The bulk of our work amounted to establishing a general language and formalism for the inclusion of MHOU when multiple processes are considered at once in the global PDF fit, constructing prescriptions for estimating these MHOU by means of scale variation, and for validating them in cases in which the higher order corrections are known. The formalism presented here is sufficiently flexible that it can also be applied to different sources of theoretical uncertainty, such as nuclear corrections or higher twists, and could also be used in conjunction with alternative ways of estimating MHOU, such as for example the Cacciari–Houdeau method.

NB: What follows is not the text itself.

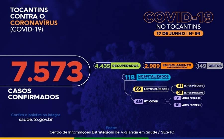 Desta forma, hoje o Tocantins contabiliza 7.573 casos confirmados da doença, destes 4.435 pacientes estão recuperados e 2.989 estão ainda em isolamento domiciliar ou hospitalar, além de 149 óbitos.
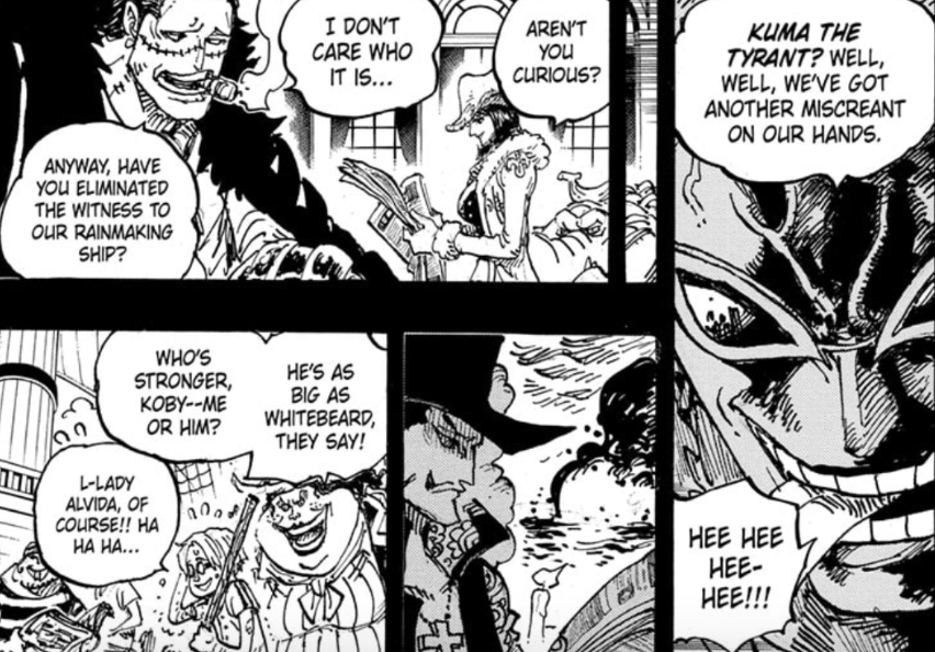 And it’s not limited at just that. There’s also the fact that as of Thriller Bark, Kuma was aware that Ace was Luffy’s brother, a fact that was otherwise unknown to anyone else but someone like Garp and any Government higher ups, but would they really have told him? How did he come to know all this stuff, and is it connected with his time in Luffy’s village?

The validation studies presented here suggest however that the conventional scale variation method to estimate the MHOU works remarkably well. Indeed, when coupled to the theory covariance matrix formalism that we introduced, this method turns out to be free of the instabilities that plague envelope techniques, and it leads to results which appear to be reasonably stable and thus insensitive to the arbitrary choices that are inherent to its implementation. The reason for these properties is essentially that, within a covariance matrix approach, possible directions which do not correspond to actual MHO have no impact on the fitting.

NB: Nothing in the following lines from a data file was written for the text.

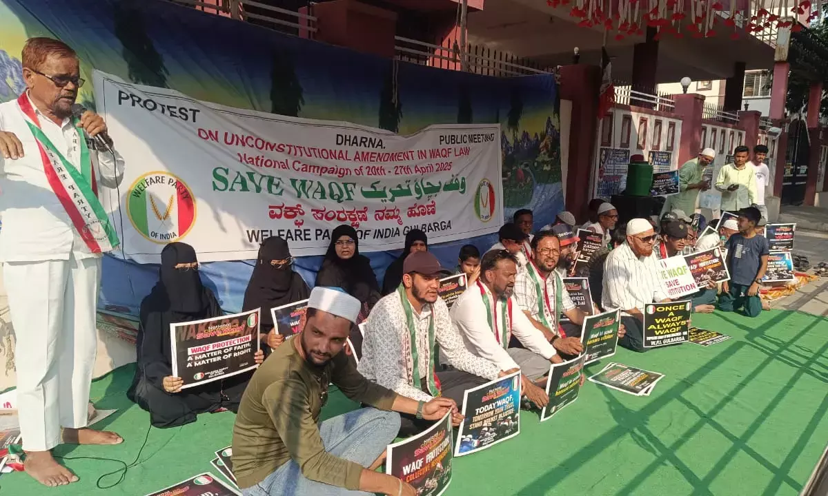 ಕಲಬುರಗಿ : ಕೇಂದ್ರ ಸರಕಾರ ಜಾರಿಗೆ ತಂದಿರುವ ನೂತನ ವಕ್ಫ್ ಕಾಯಿದೆಯನ್ನು ವಿರೋಧಿಸಿ ವೆಲ್ಫೇರ್ ಪಾರ್ಟಿ ಆಫ್ ಇಂಡಿಯಾ ಜಿಲ್ಲಾ ಘಟಕ ಕಾರ್ಯಕರ್ತರು ಜಿಲ್ಲಾಧಿಕಾರಿ ಕಚೇರಿ ಎದುರು ಪ್ರತಿಭಟನೆ ನಡೆಸಿದರು.
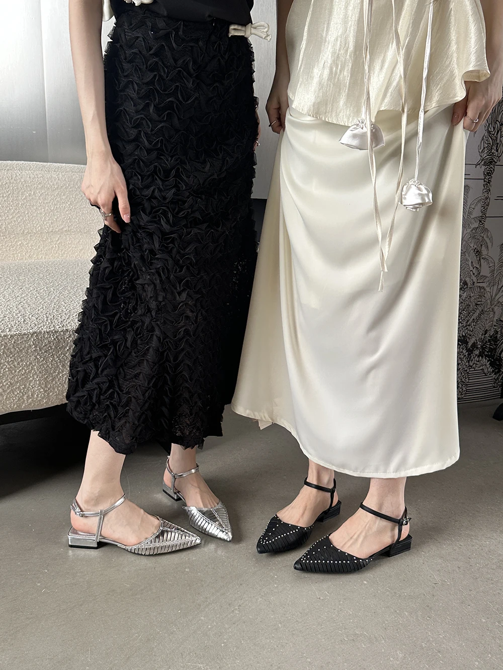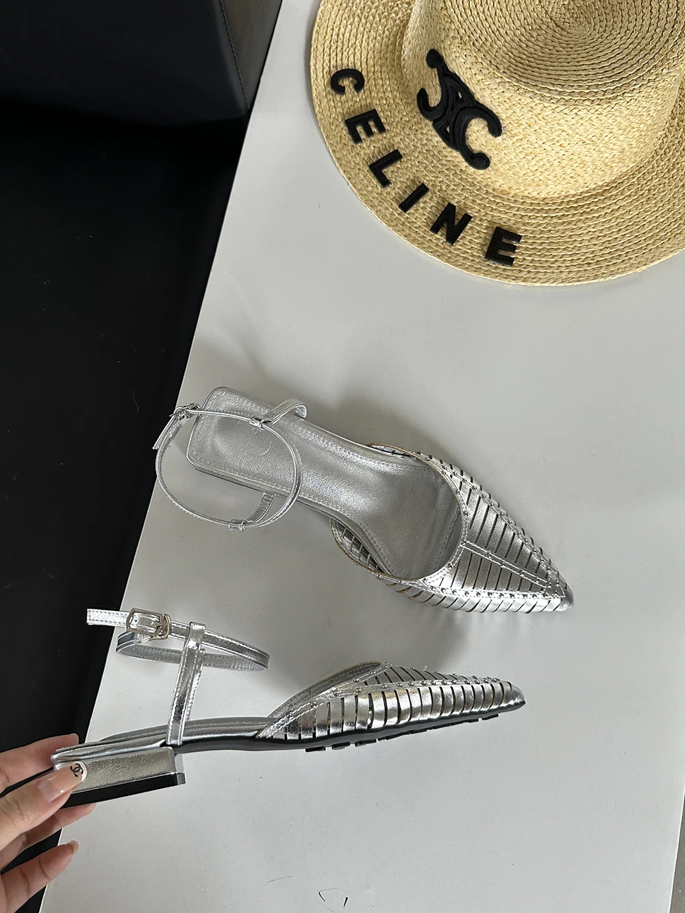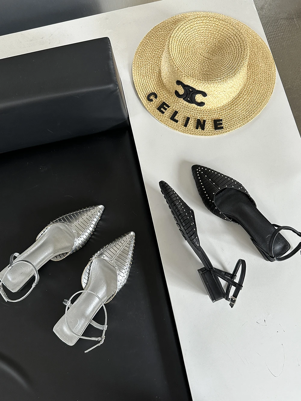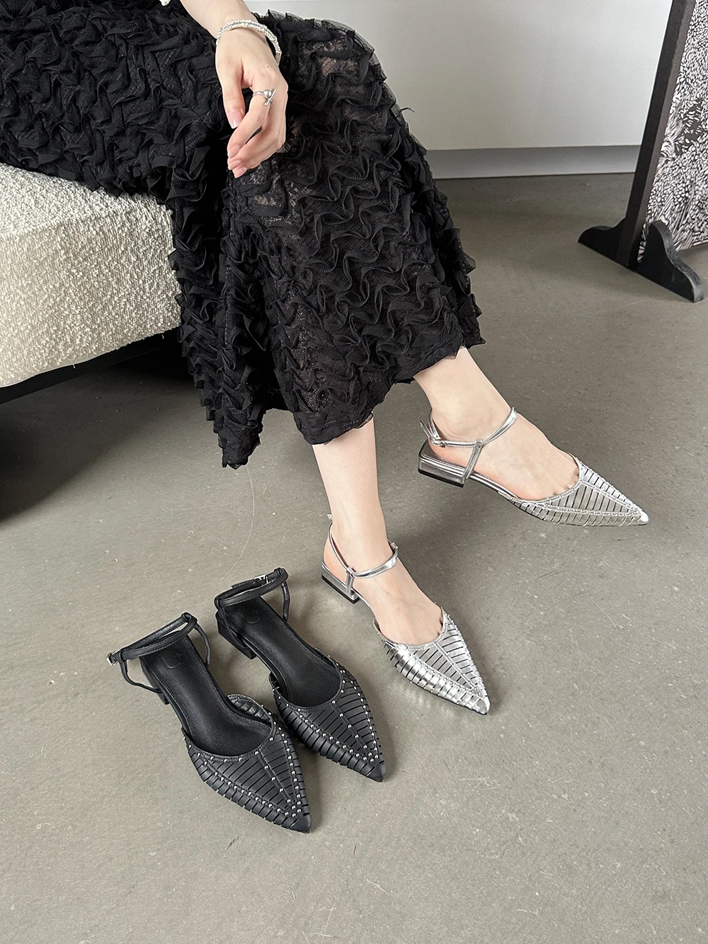 LBSFY - Pointed Toe Women Sandals 2024 New Arrivals Ankle Strap Black Silver Summer Flat Low Heeled Rhinestone Party Sandals Size 35-39
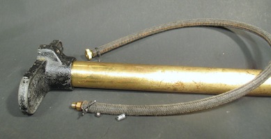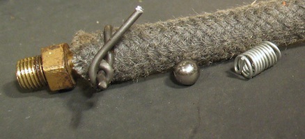 May 23, 2015 On another wet day I worked indoors again. I spent a lot of time in the shop working on a Ford tire pump. It was missing a check valve, so I went to the bike shop and got a ball bearing that would fit into the hole where the valve should be. I made a new leather for the pump and installed it, put the ball into its place, screwed on the brass outlet fitting, and tried it out. Each downstroke blew the ball up against the outlet fitting and sealed it so no air could get out. Obviously something else was needed. I made a little spacer coil from a bit of wire to keep the ball from reaching the bottom of the outlet. That worked, but only for a low pressure effort like blowing up an inner tube. The ball isn't quite big enough to fully close the seat, so when I hooked up the hose to an actual tire the air from the tire blew back past the ball. So I need to come up with a better check valve. |
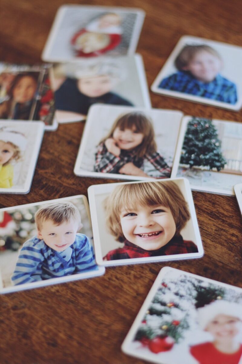 Print two copies of each selected photo, making sure they’re all the same size – about 3×3 inches works perfectly for little hands to handle.

Our results however also suggest that even more realistic estimates of MHOU might be obtained through more complex patterns of scale variation than those considered here. Specifically, a more refined treatment of factorization scale variation is likely to be advantageous, in which independent variation is performed for each eigenvalue of the anomalous dimension matrix. Also, it might be advantageous to vary independently the renormalization scales in different partonic sub-channels. Indeed, we have observed from the validation of our estimate of MHOU, while always reasonably successful for the datasets considered here, deteriorates as the size of the dataset increases, which suggests that more complex structures might be required. Here we have performed a first investigation, and the exploration of these more complex patterns of scale variation will be left for future work.

On the phenomenological side, our results show that at least at NLO the main effect of the inclusion of MHOU in PDF determination is to improve the accuracy of the result, while not significantly reducing its precision. Indeed, whenever experimental information is abundant, in particular for a global dataset, we have found that the total PDF uncertainty is only moderately affected by the inclusion of MHOU – in fact, for the datapoints included in PDF determination it even decreases – but the central value moves closer to the true result. Moreover, the fit quality improves, thereby showing that the main effect of the inclusion of MHOU is in reducing tensions between datasets due to imperfections in their theoretical description.

The most interesting future phenomenological development will be of course the extension of our methodology to the determination of MHOU in a state-of-the-art global NNLO PDF set. It will be interesting to assess to what extent the behaviour observed at NLO persists there. More generally, the inclusion of MHOU at NNLO is expected to lead to the most precise and accurate PDF sets that can be determined with currently available theoretical and experimental information.